SPEAKER'S CORNER

Il Pubblivoro – L’auto va ‘oltre’ per i clienti che guardano al futuro


04.02.2019
Di Giampaolo Rossi, Fabbrica di Lampadine
Giampaolo Rossi

Quale sarà il futuro della mobilità? Quale sarà quello dell’auto, un settore che dopo più di cento anni di continuità e innovazioni volte al miglioramento per la prima volta si trova di fronte a un futuro incerto? Quest’incertezza la sta percependo anche il cliente, che inizia a porsi il problema della possibile obsolescenza del proprio acquisto importante e appunto, teoricamente, durevole.

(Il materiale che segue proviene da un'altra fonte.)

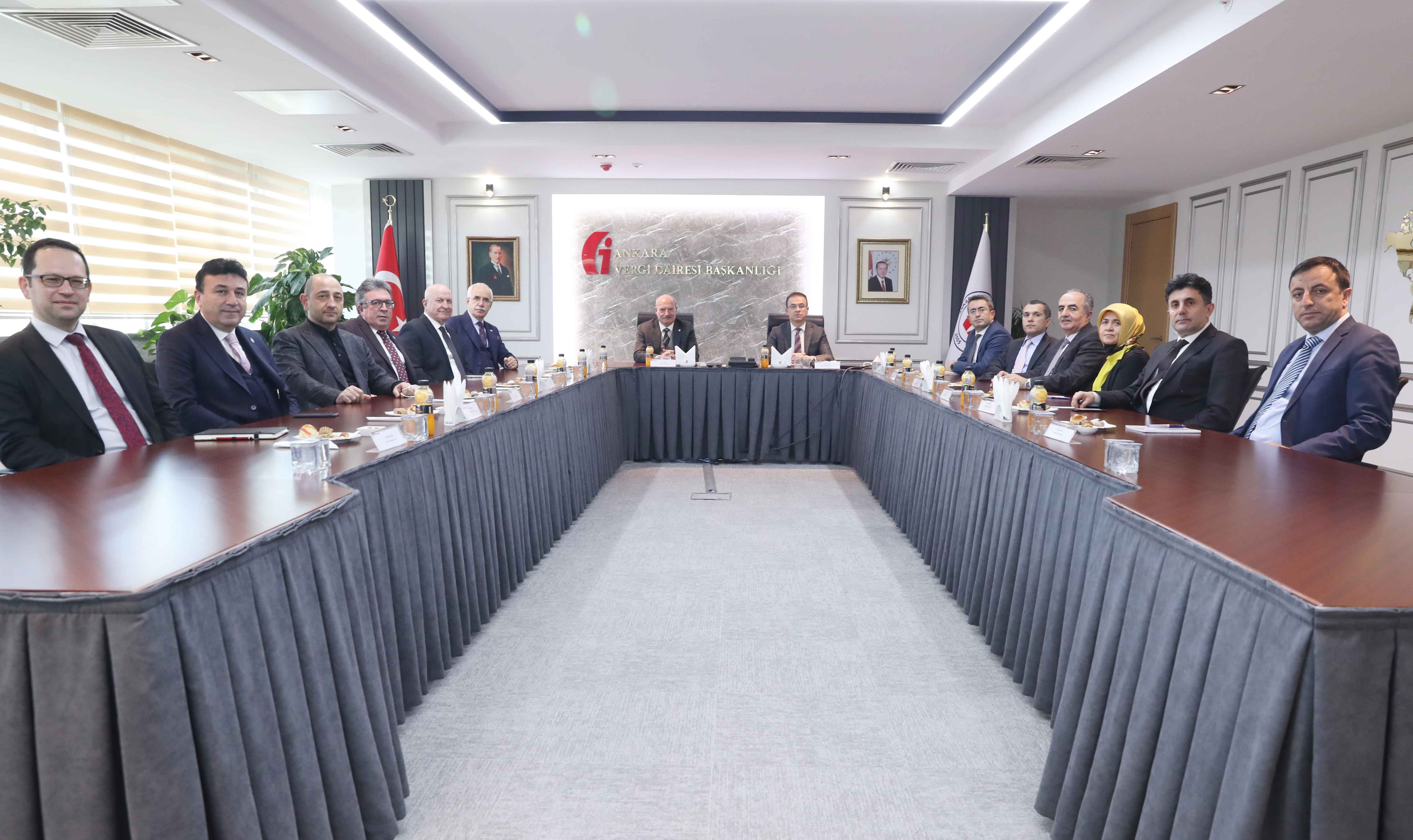 ATO BAŞKANI BARAN VE BERABERİNDEKİ HEYET, YENİ HİZMET BİNASI'NA TAŞINMALARI NEDENİYLE ANKARA VERGİ DAİRESİ BAŞKANI DUMAN'I ZİYARET EDEREK, HAYIRLI OLSUN DİLEKLERİNİ İLETTİ.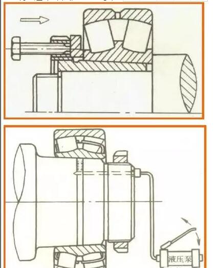 拆卸小型錐孔軸承的方法比較簡單和方便: 拆卸帶緊定套的錐孔軸承,只要將螺母轉(zhuǎn)松幾圈后,使用墊塊用錘子敲打即可拆卸。 直接利用退卸套,靠擰緊螺母來拆卸錐孔軸承。

Volkswagen promuove il modello T-Roc esplicitando tutti i dubbi del cliente e rispondendo a quella insicurezza garantendo il valore dell’usato ed eliminando il rischio del deprezzamento per un’obsolescenza precoce. Lo spot è girato molto bene, azzeccata la carrellata di espressioni ansiose e intense volutamente eccessive che si concludono con la formula della relatività di Einstein, che ribadisce l’ironia. L’acutezza di questo spot sta nella capacità di leggere il divenire, di essere orientato al futuro e non al passato. In un mondo dove la complessità è crescente, la semplicità di rispondere non a una domanda ma alla domanda del momento è vincente.

 

 

Molto interessante anche la pubblicità di Fiat che lancia il restiling della Nuova Tipo. Qui, dato che si tratta soprattutto di un aggiornamento degli interni, si è deciso di giocare sulla metafora della camera d’albergo che si trasforma in suite. Chi non hai sognato almeno una volta di essere il cliente fortunato che usufruisce dell’upgrade in hotel? Questa è una fortuna che il cliente può determinare da sé comprando il prodotto di casa FCA. La metafora è molto bene rappresentata e il passaggio alla realtà dell’auto molto ben riuscito. Ottima l‘idea della manopola targata Fiat che innesca la magia dell’upgrade e l’inquadratura finale che rappresenta il cliente della concorrenza che guida una ‘camera d’albergo senza stelle’.

 

 

Citroën, per promuovere il proprio brand, propone un viaggio nei 100 anni di storia dell’azienda. La storia viene narrata attraverso la figura di un autostoppista che, nel suo lungo viaggio senza fine, sale sui vari modelli di auto. Il concept funziona perché riesce a valorizzare sia la storia dell’azienda che la sua capacità di essere sempre moderna e attuale. Valorizzare tradizione e innovazione è molto difficile perché spesso i due termini sono in antitesi, ma Citroën riesce a trovare la chiave creativa per riuscire nell’intento. Molto bello il fatto che il protagonista non invecchia, dando così al film un tocco di poesia e fiaba. Eccellente l’idea di scrivere sul cartello la destinazione “oltre”, dà un senso di prospettiva anche futura alla capacità di contemporaneità della casa automobilistica e, soprattutto, dà un senso a tutto lo spot.